**EXERCISE:** Make an exact copy of the data below, leaving out every picture.

**INFORMATION SHOWN:**
┄┄┄┄┄┄┄┄┄┄

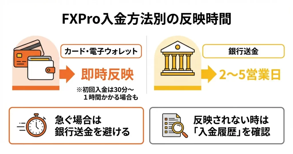 FxProに入金が反映されるまでどのくらい時間がかかりますか?
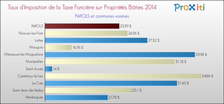 En 2014, le taux de la taxe foncière sur le bâti vôté par le conseil municipal de Pérols était de : 23.39 %.
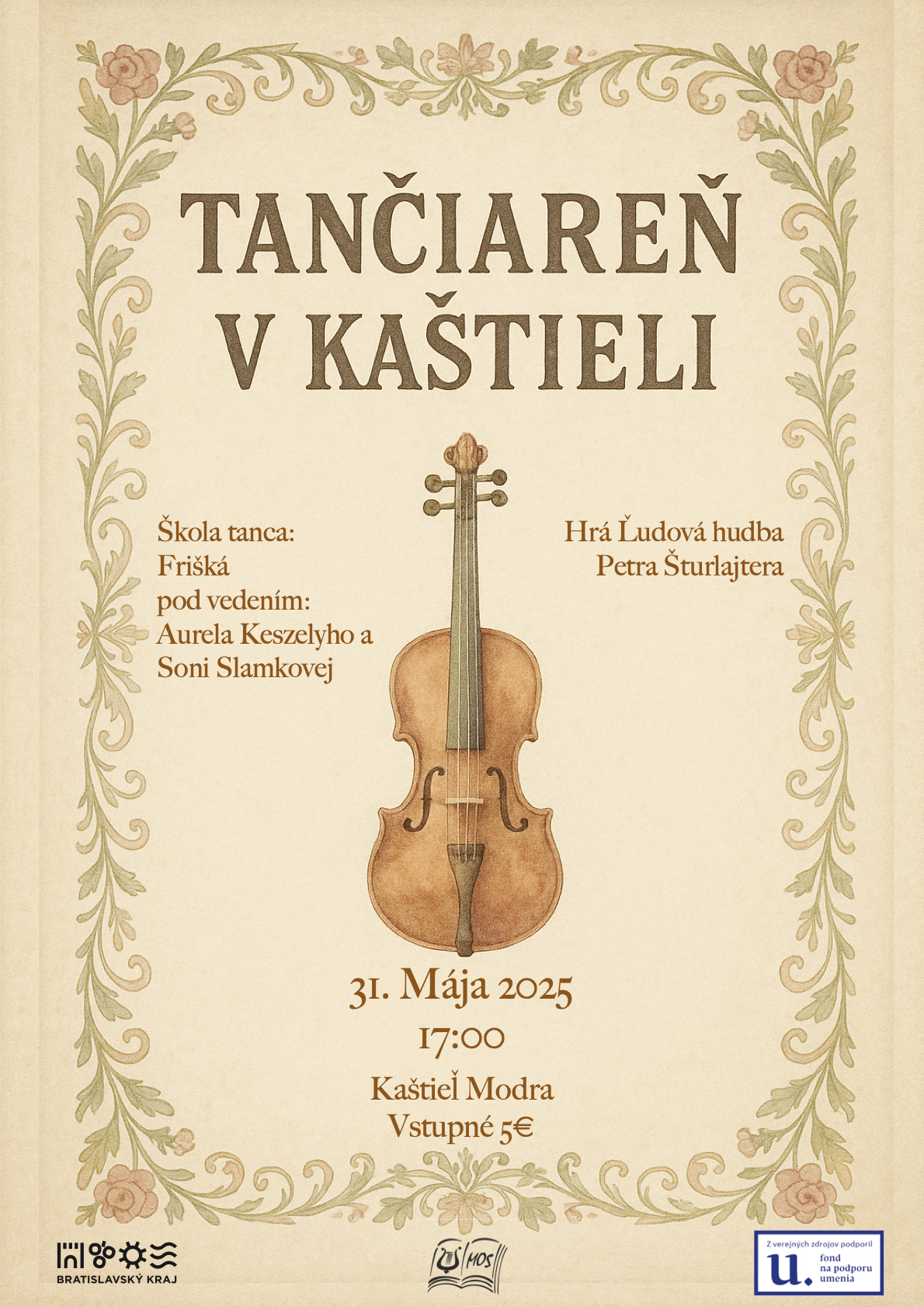 V príjemnej atmosfére kaštieľa Malokarpatského osvetového strediska vás čaká večer plný ľudovej hudby a tanca, ku ktorému nám zahrá Ľudová hudba Petra Štulrajtera.

┄┄┄┄┄┄┄┄┄┄

**RESPONSE AREA:**
 FxProに入金が反映されるまでどのくらい時間がかかりますか?
 En 2014, le taux de la taxe foncière sur le bâti vôté par le conseil municipal de Pérols était de : 23.39 %.
 V príjemnej atmosfére kaštieľa Malokarpatského osvetového strediska vás čaká večer plný ľudovej hudby a tanca, ku ktorému nám zahrá Ľudová hudba Petra Štulrajtera.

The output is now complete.